▸ Problem to work on:
Here the job is to copy the data exactly and to exclude every image from it.

▸ Collected material:
►

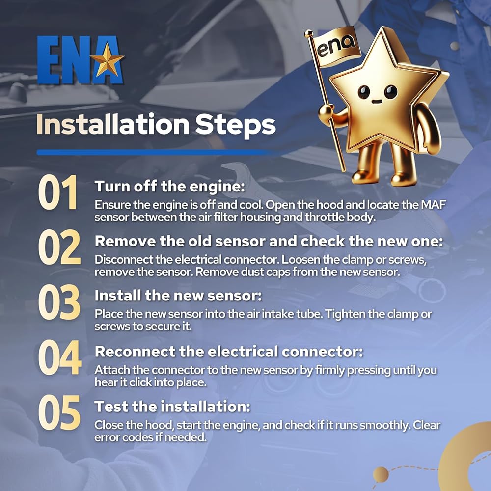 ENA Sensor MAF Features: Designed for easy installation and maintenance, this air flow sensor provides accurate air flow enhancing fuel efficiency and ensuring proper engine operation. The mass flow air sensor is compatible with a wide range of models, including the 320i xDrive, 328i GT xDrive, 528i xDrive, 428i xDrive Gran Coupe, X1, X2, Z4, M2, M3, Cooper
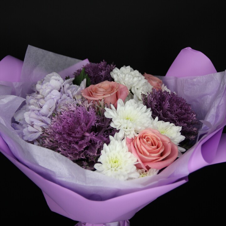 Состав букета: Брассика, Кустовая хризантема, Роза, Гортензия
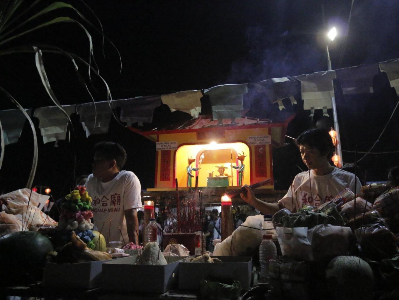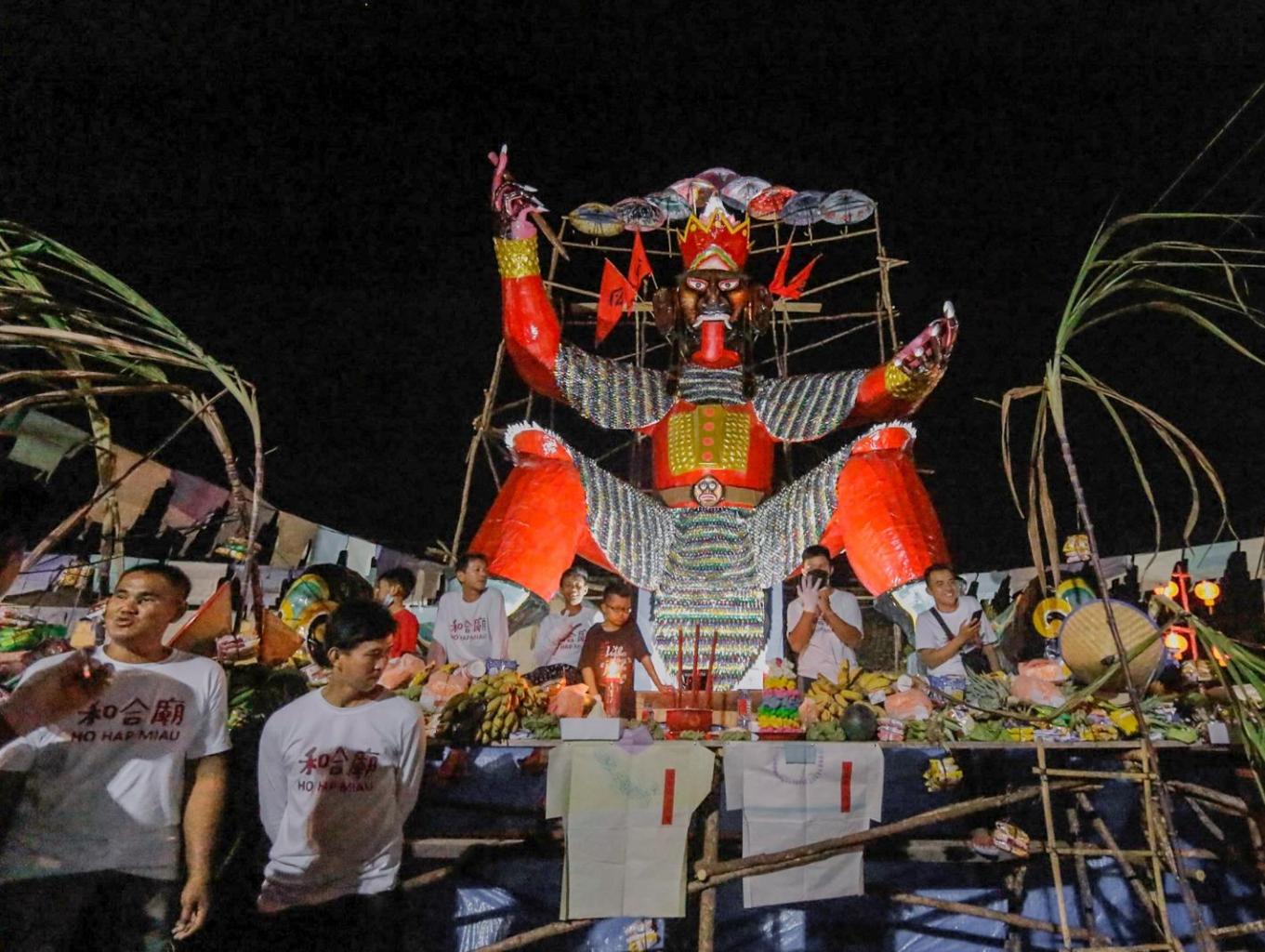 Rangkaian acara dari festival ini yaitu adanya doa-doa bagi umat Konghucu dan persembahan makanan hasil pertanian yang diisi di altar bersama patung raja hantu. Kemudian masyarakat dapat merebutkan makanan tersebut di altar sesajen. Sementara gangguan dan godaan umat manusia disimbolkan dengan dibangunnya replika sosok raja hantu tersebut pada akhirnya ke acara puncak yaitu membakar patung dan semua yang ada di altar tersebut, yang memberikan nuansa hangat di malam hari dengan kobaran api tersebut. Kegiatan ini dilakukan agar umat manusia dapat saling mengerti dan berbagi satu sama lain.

◄

▸ Solution for this exercise:
 ENA Sensor MAF Features: Designed for easy installation and maintenance, this air flow sensor provides accurate air flow enhancing fuel efficiency and ensuring proper engine operation. The mass flow air sensor is compatible with a wide range of models, including the 320i xDrive, 328i GT xDrive, 528i xDrive, 428i xDrive Gran Coupe, X1, X2, Z4, M2, M3, Cooper
 Состав букета: Брассика, Кустовая хризантема, Роза, Гортензия
 Rangkaian acara dari festival ini yaitu adanya doa-doa bagi umat Konghucu dan persembahan makanan hasil pertanian yang diisi di altar bersama patung raja hantu. Kemudian masyarakat dapat merebutkan makanan tersebut di altar sesajen. Sementara gangguan dan godaan umat manusia disimbolkan dengan dibangunnya replika sosok raja hantu tersebut pada akhirnya ke acara puncak yaitu membakar patung dan semua yang ada di altar tersebut, yang memberikan nuansa hangat di malam hari dengan kobaran api tersebut. Kegiatan ini dilakukan agar umat manusia dapat saling mengerti dan berbagi satu sama lain.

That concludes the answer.